# <center>OpenAI agent pattern: orchestrator and workers</center>

A starter guide for building an agent loop using the `openai-agents` library.

This pattern uses orchestators and workers. The orchestrator chooses which worker to use for a specific sub-task. The worker attempts to complete the sub-task and return a result. The orchestrator then uses the result to choose the next worker to use until a final result is returned.

In the following example, we'll build an agent which creates a portfolio of stocks and ETFs based on a user's investment strategy.
1.  **Orchestrator:** Chooses which worker to use based on the user's investment strategy.
2.  **Research Agent:** Searches the web for information about stocks and ETFs that could support the user's investment strategy.
3.  **Evaluation Agent:** Evaluates the research report and provides feedback on what data is missing.
4.  **Portfolio Agent:** Creates a portfolio of stocks and ETFs based on the research report.

### Install Libraries

In [None]:
# Install base libraries for OpenAI
%pip install -q openai openai-agents

# Install optional libraries for OpenInference/OpenTelemetry tracing
%pip install -q arize-phoenix-otel arize-phoenix-evals openinference-instrumentation-openai-agents openinference-instrumentation-openai

### Setup Keys

Add your OpenAI API key to the environment variable `OPENAI_API_KEY`.

Copy your Phoenix `API_KEY` from your settings page at [app.phoenix.arize.com](https://app.phoenix.arize.com).

In [None]:
import os
from getpass import getpass

import phoenix as px

if "OPENAI_API_KEY" not in os.environ:
    os.environ["OPENAI_API_KEY"] = getpass("🔑 Enter your OpenAI API key: ")
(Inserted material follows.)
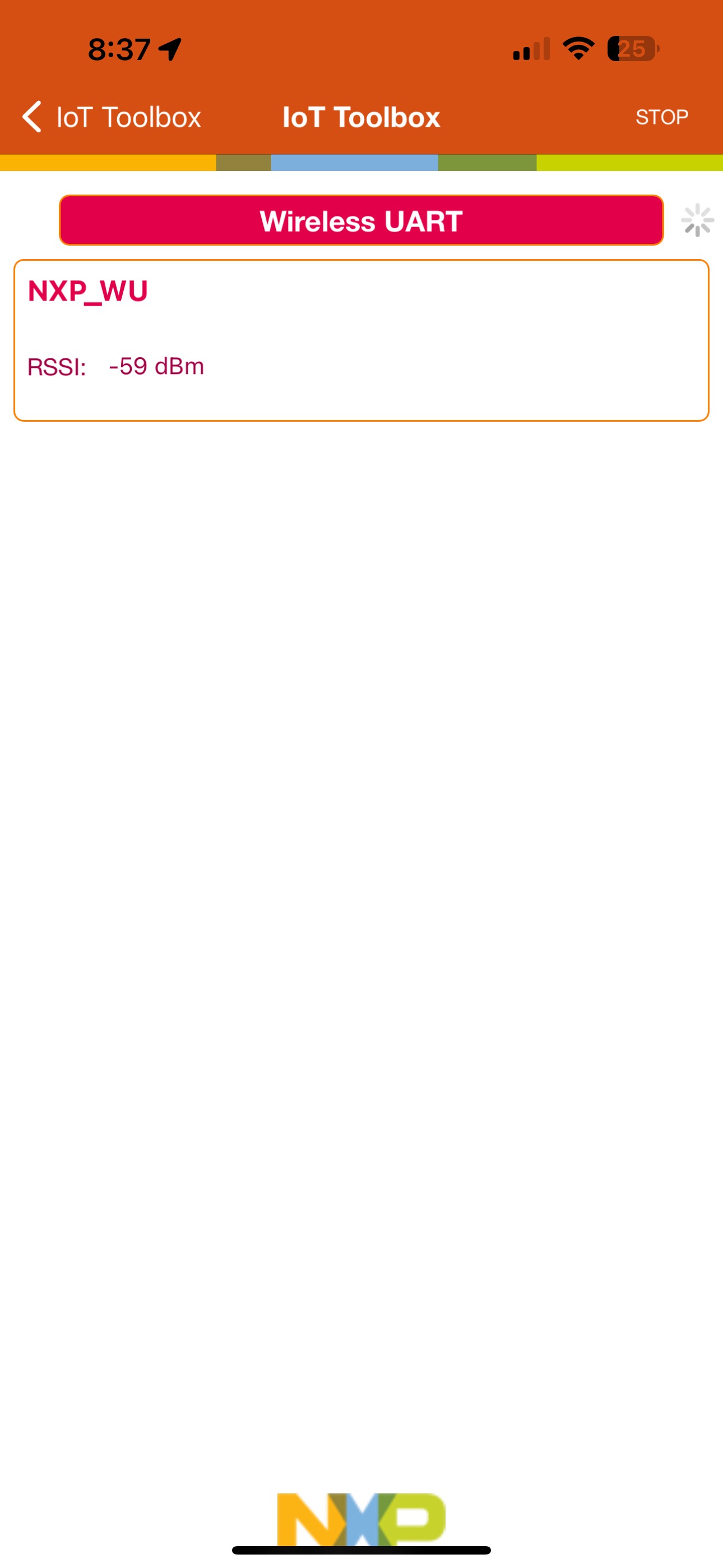 - 与 NXP_WU 设备建立连接。然后,您的智能手机上将显示无线 UART 界面。
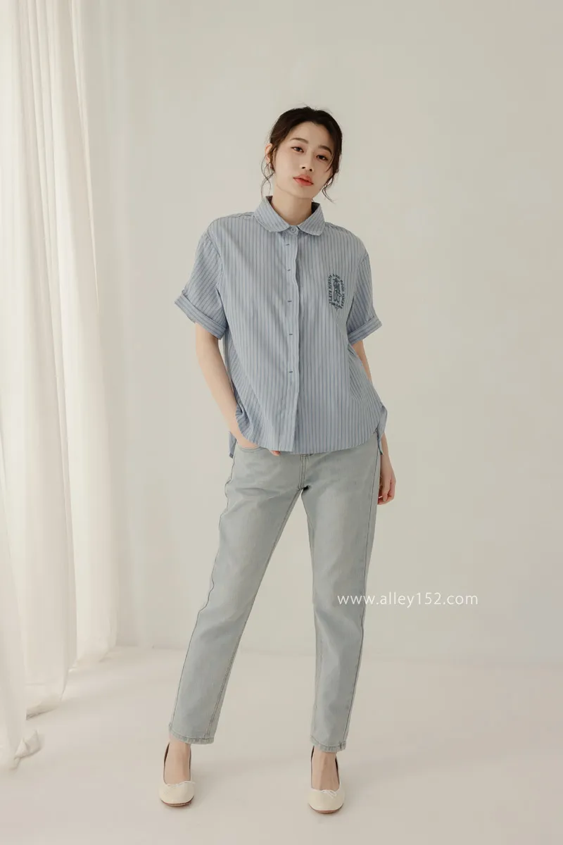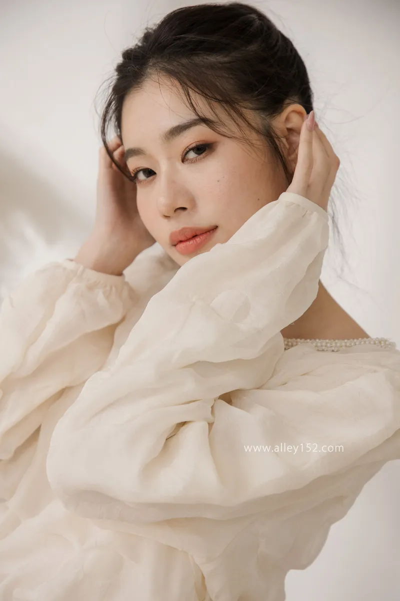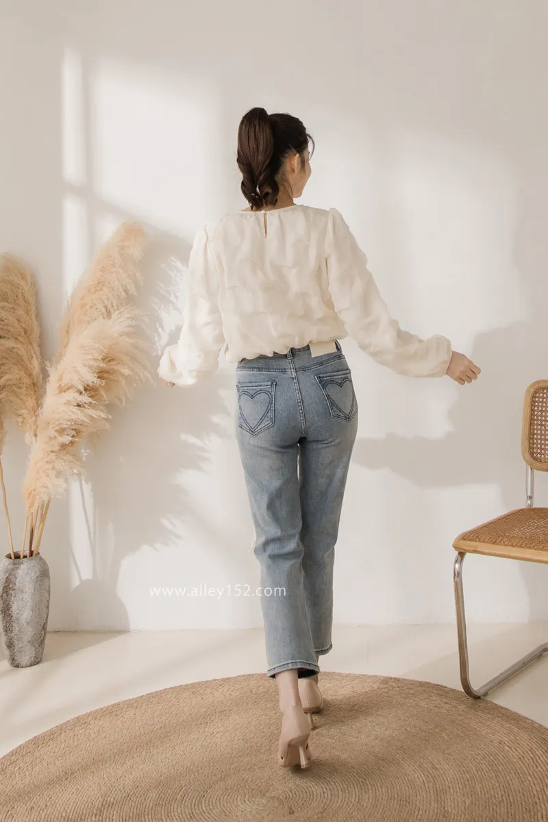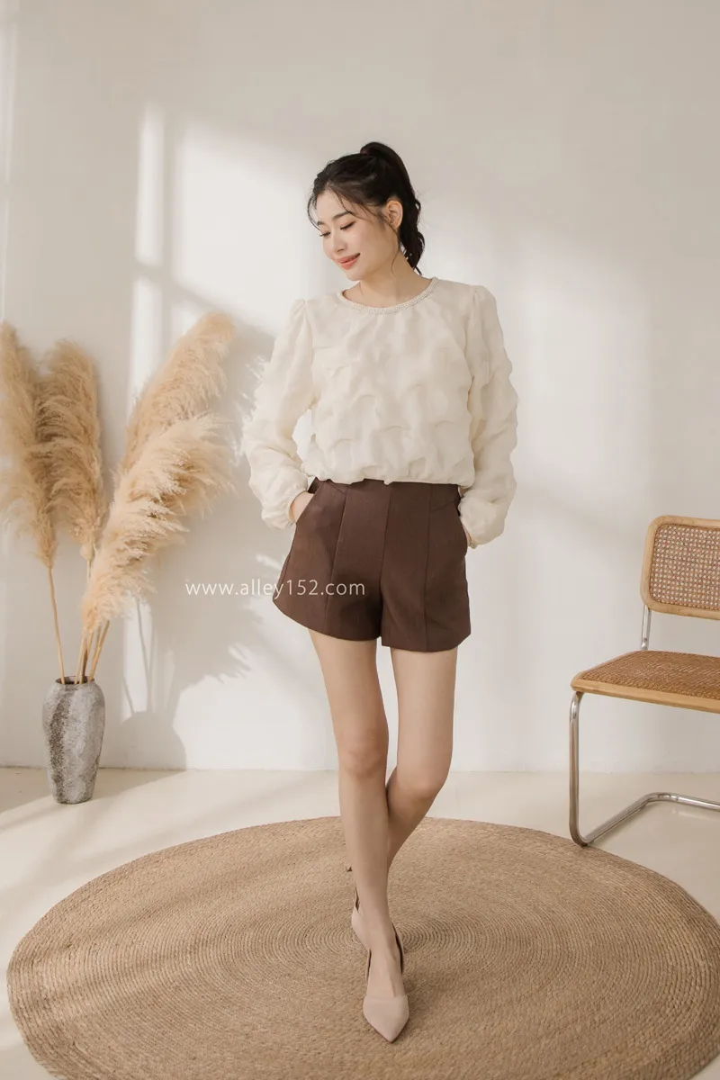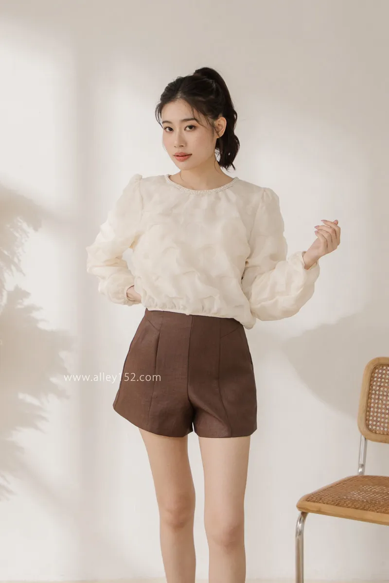- 咬一口棉花糖 圓點紡紗鑽領雪紡衣/杏 -

if "PHOENIX_API_KEY" not in os.environ:
    os.environ["PHOENIX_API_KEY"] = getpass("🔑 Enter your Phoenix API key: ")

if "PHOENIX_COLLECTOR_ENDPOINT" not in os.environ:
    os.environ["PHOENIX_COLLECTOR_ENDPOINT"] = getpass("🔑 Enter your Phoenix Collector Endpoint")

### Setup Tracing

In [None]:
from opentelemetry import trace

from phoenix.otel import register

tracer_provider = register(
    project_name="Orchestrator-workers", protocol="http/protobuf", auto_instrument=True, batch=True
)

tracer = trace.get_tracer("Orchestrator-workers")

client = px.Client()
PROJECT = "Orchestrator-workers"

## Creating the agents

In [None]:
from pprint import pprint
from textwrap import dedent
from typing import Literal

from agents import Agent, Runner, TResponseInputItem, WebSearchTool
from agents.model_settings import ModelSettings
from pydantic import BaseModel, Field


class PortfolioItem(BaseModel):
    ticker: str = Field(description="The ticker of the stock or ETF.")
    allocation: float = Field(
        description="The percentage allocation of the ticker in the portfolio. The sum of all allocations should be 100."
    )
    reason: str = Field(description="The reason why this ticker is included in the portfolio.")
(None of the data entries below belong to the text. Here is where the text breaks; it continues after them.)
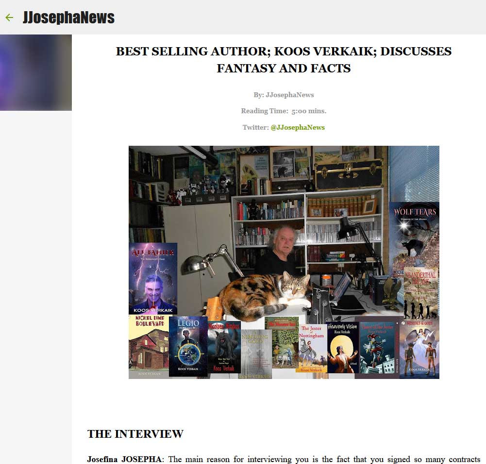 Interview Interview JJosephaNews koosverk maart 10, 2022 “Best selling author discusses fantasy and facts.” Read the interview Doorgaan met lezen Vorige: The Sandman Stories, Hindi EditionVolgende: Pharos Books in India printed 9 more titles Gerelateerde verhalen Interview Interview Het Streekblad koosverk maart 4, 2025 Interview Interview World Inkers koosverk februari 28, 2025 Interview Interview Pharos Books koosverk januari 28, 2025
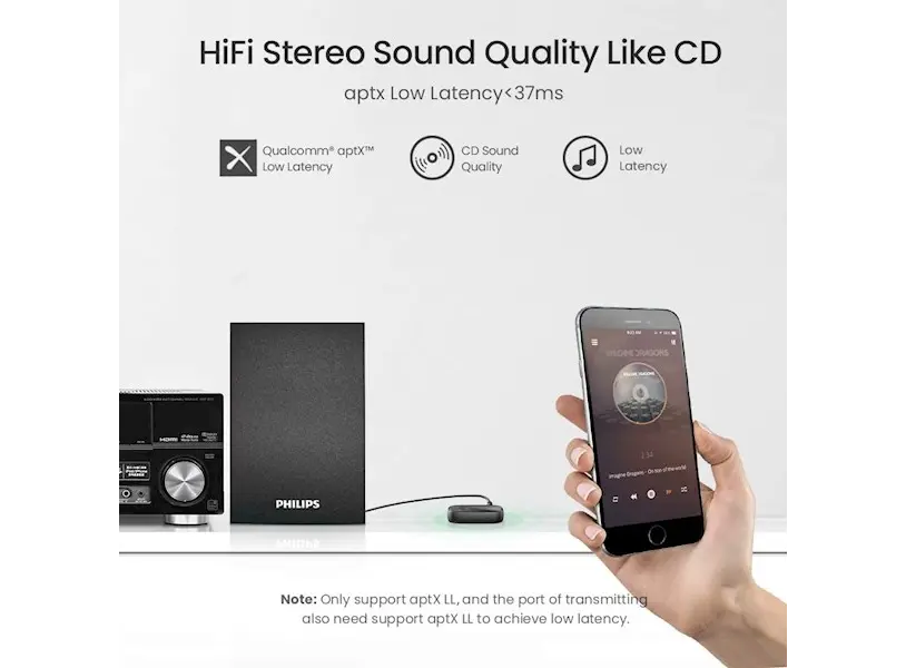 - HiFi ხარისხი, მხარს უჭერს SBC, AAC, aptX, aptX LL
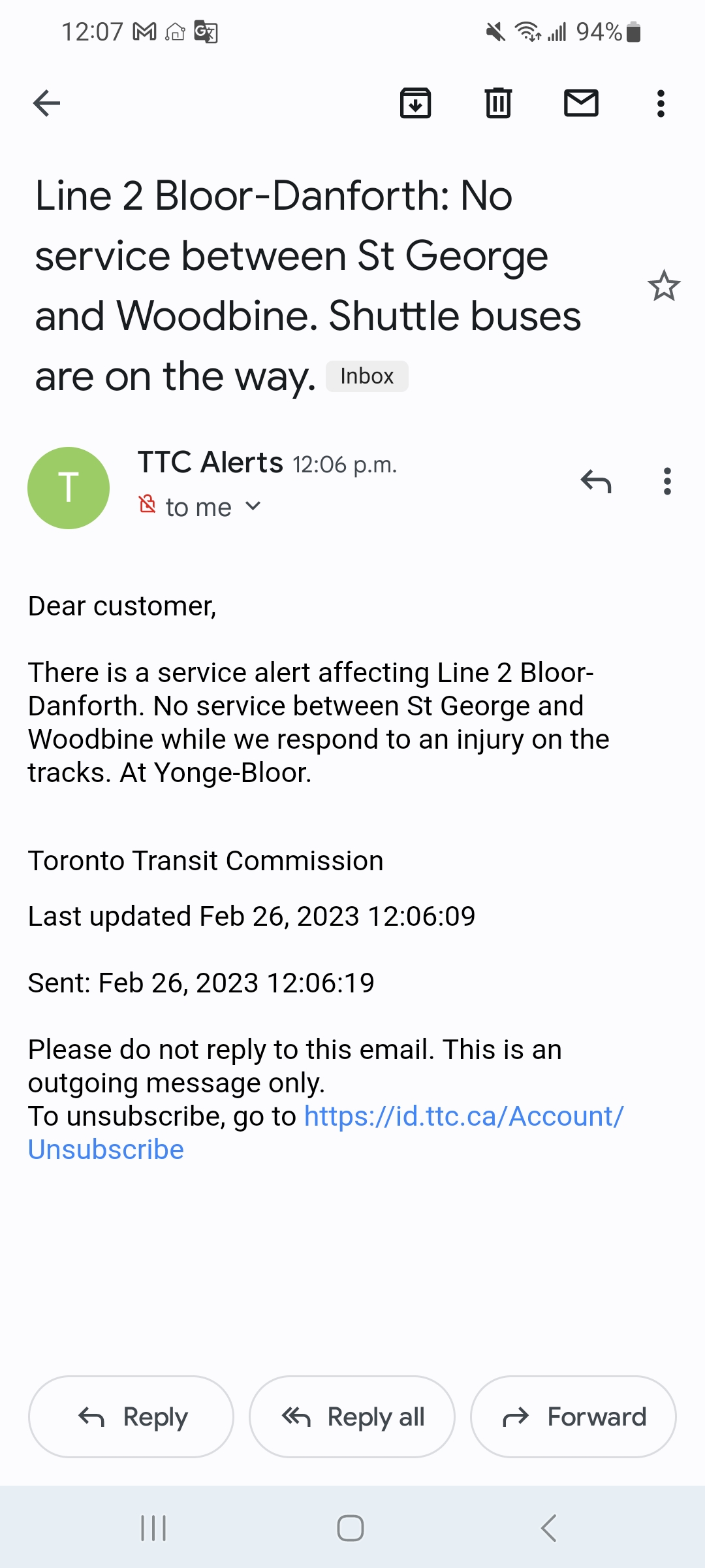 Both times it has been St George to Woodbine despite the incidents occurring well clear of Broadview or Woodbine.

class Portfolio(BaseModel):
    tickers: list[PortfolioItem] = Field(
        description="A list of tickers that could support the user's stated investment strategy."
    )


class EvaluationFeedback(BaseModel):
    feedback: str = Field(
        description="What data is missing in order to create a portfolio of stocks and ETFs based on the user's investment strategy."
    )
    score: Literal["pass", "needs_improvement", "fail"] = Field(
        description="A score on the research report. Pass if you have at least 5 tickers with data that supports the user's investment strategy to create a portfolio, needs_improvement if you do not have enough supporting data, and fail if you have no tickers."
    )


evaluation_agent = Agent(
    name="Evaluation Agent",
    instructions=dedent(
        """You are a senior financial analyst. You will be provided with a stock research report with positive and negative catalysts. Your task is to evaluate the report and provide feedback on what to improve."""
    ),
    model="gpt-4.1",
    output_type=EvaluationFeedback,
)

portfolio_agent = Agent(
    name="Portfolio Agent",
    instructions=dedent(
        """You are a senior financial analyst. You will be provided with a stock research report. Your task is to create a portfolio of stocks and ETFs that could support the user's stated investment strategy. Include facts and data from the research report in the stated reasons for the portfolio allocation."""
    ),
    model="o4-mini",
    output_type=Portfolio,
)

research_agent = Agent(
    name="FinancialSearchAgent",
    instructions=dedent(
        """You are a research assistant specializing in financial topics. Given a stock ticker, use web search to retrieve up‑to‑date context and produce a short summary of at most 50 words. Focus on key numbers, events, or quotes that will be useful to a financial analyst."""
    ),
    model="gpt-4.1",
    tools=[WebSearchTool()],
    model_settings=ModelSettings(tool_choice="required", parallel_tool_calls=True),
)

orchestrator_agent = Agent(
    name="Routing Agent",
    instructions=dedent("""You are a senior financial analyst. You are trying to create a portfolio based on my stated investment strategy. Your task is to handoff to the appropriate agent or tool.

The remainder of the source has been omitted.